Bases: PreTrainedConfig

This is the configuration class to store the configuration of a DeepStarrModel. It is used to instantiate a DeepSTARR model according to the specified arguments, defining the model architecture. Instantiating a configuration with the defaults will yield a similar configuration to that of the DeepSTARR bernardo-de-almeida/DeepSTARR architecture.

Configuration objects inherit from PreTrainedConfig and can be used to control the model outputs. Read the documentation from PreTrainedConfig for more information.

Parameters:

Name	Type	Description	Default
vocab_size	int	Vocabulary size of the DeepSTARR model. Defines the number of feature channels in the one-hot encoded input fed to the first convolution. Defaults to 5.	5
input_length	int	The fixed length (in base pairs) of the input DNA sequence. Defaults to 249.	249
num_conv_layers	int	Number of convolutional blocks (Conv1D + BatchNorm + ReLU + MaxPool).	4
conv_channels	list[int] | None	Number of output channels for each convolutional block.	None
conv_kernel_sizes	list[int] | None	Convolution kernel size for each convolutional block.	None
pool_size	int	Max pooling window applied after every convolutional block.	2
num_fc_layers	int	Number of fully-connected layers between the convolutional stack and the prediction head.	2
fc_dims	list[int] | None	Hidden size for each fully-connected layer.	None
hidden_act	str	The non-linear activation function (function or string) in the encoder. If string, "gelu", "relu", "silu" and "gelu_new" are supported.	'relu'
hidden_dropout	float	The dropout probability for the fully-connected layers.	0.4
batch_norm_eps	float	The epsilon used by the batch normalization layers.	0.001
batch_norm_momentum	float	The momentum used by the batch normalization layers.	0.1
num_labels	int	Number of regression outputs. DeepSTARR predicts developmental and housekeeping enhancer activity.	2
head	HeadConfig | None	The configuration of the prediction head.
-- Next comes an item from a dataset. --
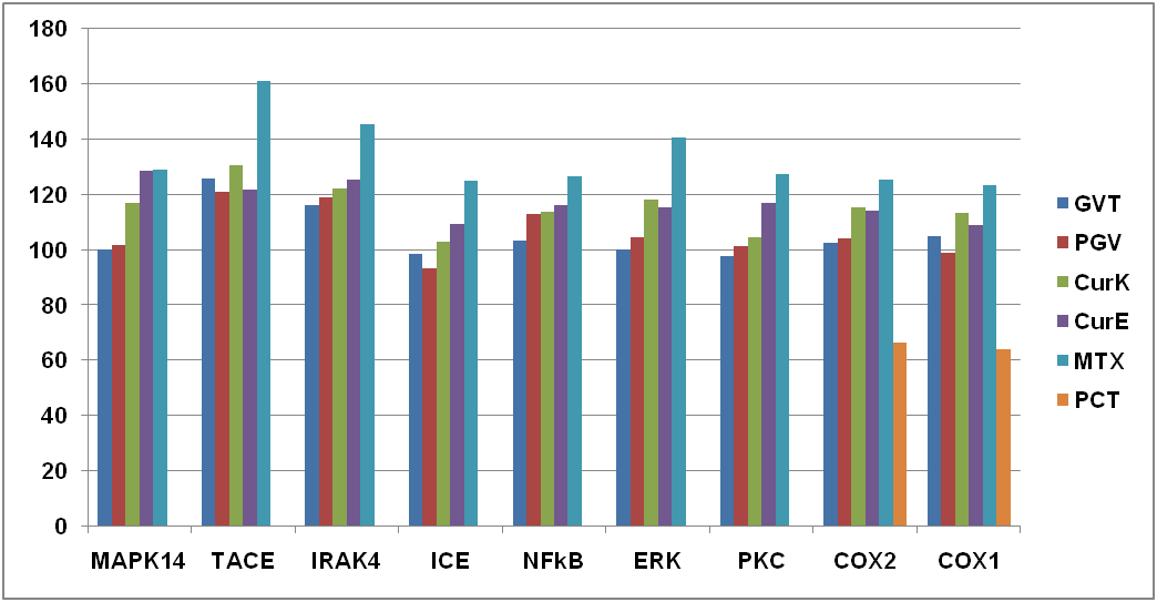 Conclusion: GVT-0 as a curcumin derivate possessed the best inhibitory activity against TNF-α converting enzyme and IL-1β converting enzyme which are the main route of inflammatory mediators in rheumatoid arthritis. In addition, GVT-0 influences less in metabolism of CYP450 enzymes, and has low toxicity.

Defaults to a regression head (problem_type="regression"), matching DeepSTARR’s enhancer activity prediction task.	None

Examples:

>>> from multimolecule import DeepStarrConfig, DeepStarrModel
>>> # Initializing a DeepSTARR multimolecule/deepstarr style configuration
>>> configuration = DeepStarrConfig()
>>> # Initializing a model (with random weights) from the multimolecule/deepstarr style configuration
>>> model = DeepStarrModel(configuration)
>>> # Accessing the model configuration
>>> configuration = model.config

Source code in multimolecule/models/deepstarr/configuration_deepstarr.py

class DeepStarrConfig(PreTrainedConfig):
    r"""
    This is the configuration class to store the configuration of a
    [`DeepStarrModel`][multimolecule.models.DeepStarrModel]. It is used to instantiate a DeepSTARR model according to
    the specified arguments, defining the model architecture. Instantiating a configuration with the defaults will
    yield a similar configuration to that of the DeepSTARR
    [bernardo-de-almeida/DeepSTARR](https://github.com/bernardo-de-almeida/DeepSTARR) architecture.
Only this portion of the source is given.